'''

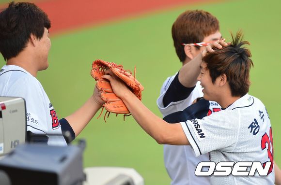 19일 오후 서울 잠실야구장에서 열린 '2013 한국야쿠르트 세븐 프로야구' 플레이오프 3차전 두산 베어스 대 LG 트윈스의 경기, 7회초 LG 공격 1사 1루 상황 이병규의 잘맞은 좌중간 타구를 두산 중견수 정수빈이 넘어지며 멋지게 잡아냈다. 실점없이 이닝을 마친 뒤 더그아웃으로 들어오며 동료들의 환호를 받는 정수빈.
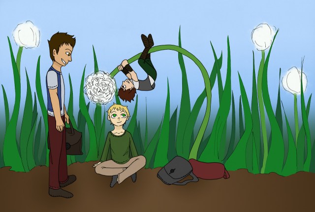 A commission for @neonthebright of her character Oscar and my characters Charlie and Sawyer. This takes place in an AU where they both adopt Oscar and give him all the love and food he deserves! (It’s probably the cutest AU ever.) Oscar’s never been outside before, so he’s having a fun time trying out all the new things to do!
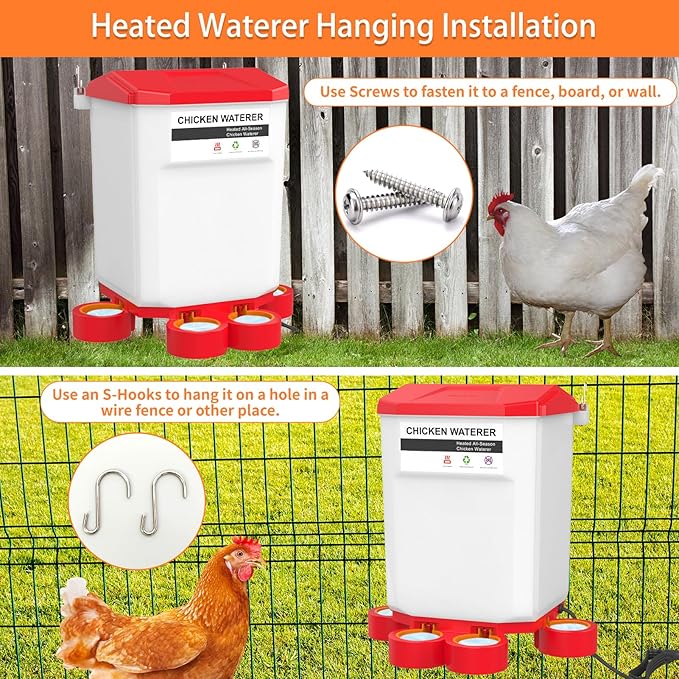 - 【Year-Round Ready & Freeze Protection】Our heated poultry drinker keeps water from freezing during the cold winter and stays warmer. In summer, you can use the waterer directly without plugging, which can provide warm and clean drinking water for your chickens year-round.

'''

## Task requirements
Leave the pictures out and output exactly the lines above, from the start of the listing through the line with "A commission for".

## Solved problem
 19일 오후 서울 잠실야구장에서 열린 '2013 한국야쿠르트 세븐 프로야구' 플레이오프 3차전 두산 베어스 대 LG 트윈스의 경기, 7회초 LG 공격 1사 1루 상황 이병규의 잘맞은 좌중간 타구를 두산 중견수 정수빈이 넘어지며 멋지게 잡아냈다. 실점없이 이닝을 마친 뒤 더그아웃으로 들어오며 동료들의 환호를 받는 정수빈.
 A commission for @neonthebright of her character Oscar and my characters Charlie and Sawyer. This takes place in an AU where they both adopt Oscar and give him all the love and food he deserves! (It’s probably the cutest AU ever.) Oscar’s never been outside before, so he’s having a fun time trying out all the new things to do!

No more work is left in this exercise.